Supplied material

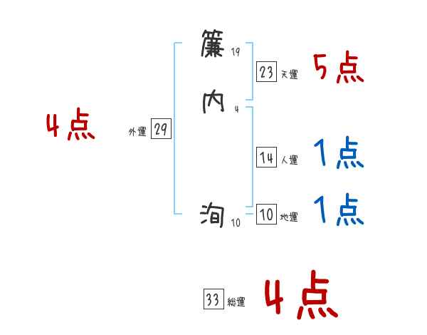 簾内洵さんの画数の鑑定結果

==

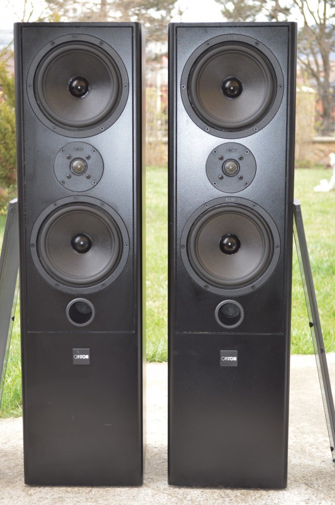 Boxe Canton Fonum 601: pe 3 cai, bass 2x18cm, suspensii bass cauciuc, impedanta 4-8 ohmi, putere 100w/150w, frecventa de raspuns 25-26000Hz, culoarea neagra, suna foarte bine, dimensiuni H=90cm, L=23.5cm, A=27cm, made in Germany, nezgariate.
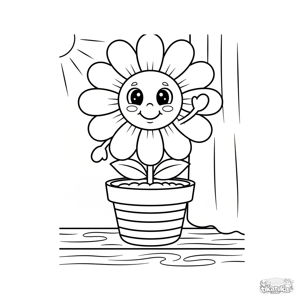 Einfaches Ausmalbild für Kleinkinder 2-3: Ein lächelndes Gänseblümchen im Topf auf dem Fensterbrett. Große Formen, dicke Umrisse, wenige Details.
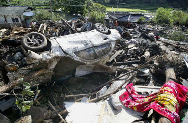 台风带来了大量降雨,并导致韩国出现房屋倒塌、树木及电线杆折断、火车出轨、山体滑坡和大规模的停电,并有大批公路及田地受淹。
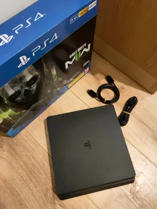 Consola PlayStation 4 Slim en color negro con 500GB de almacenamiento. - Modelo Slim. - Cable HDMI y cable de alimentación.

---

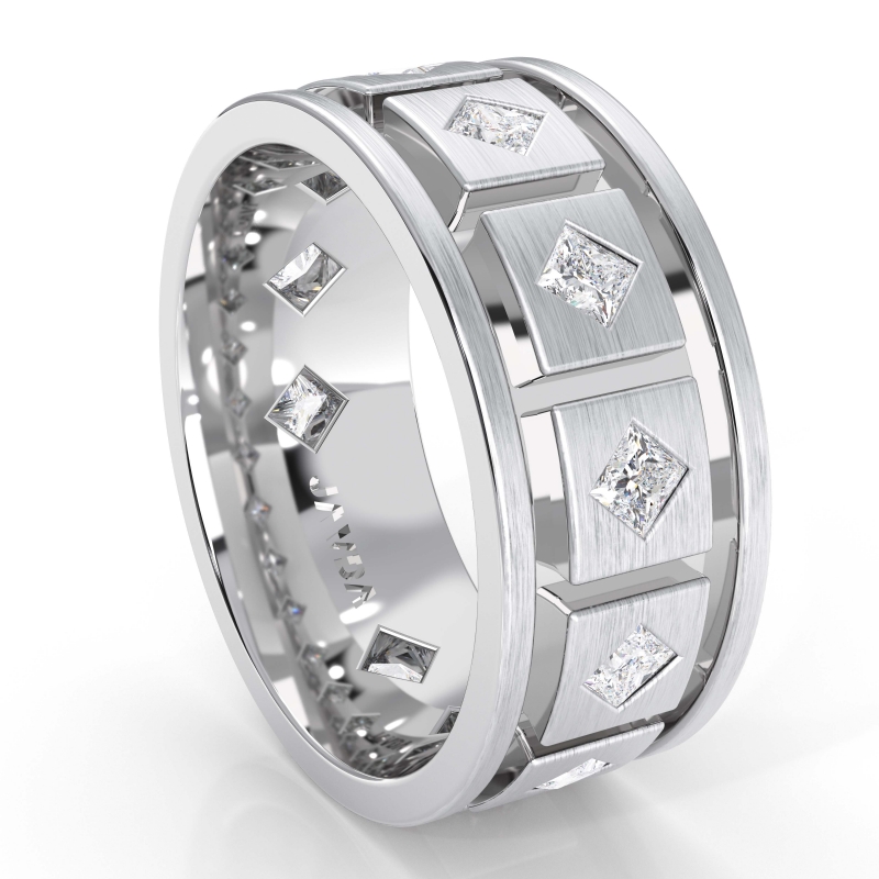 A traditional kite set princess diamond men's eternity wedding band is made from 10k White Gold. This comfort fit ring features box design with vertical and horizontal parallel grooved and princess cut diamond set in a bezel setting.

What to work on
Look above for the line with "台风带来了大量降雨,并导致韩" and the line with "Consola PlayStation 4", then restate exactly those two lines and all lines between them, with no pictures.

Task response
 台风带来了大量降雨,并导致韩国出现房屋倒塌、树木及电线杆折断、火车出轨、山体滑坡和大规模的停电,并有大批公路及田地受淹。
 Consola PlayStation 4 Slim en color negro con 500GB de almacenamiento. - Modelo Slim. - Cable HDMI y cable de alimentación.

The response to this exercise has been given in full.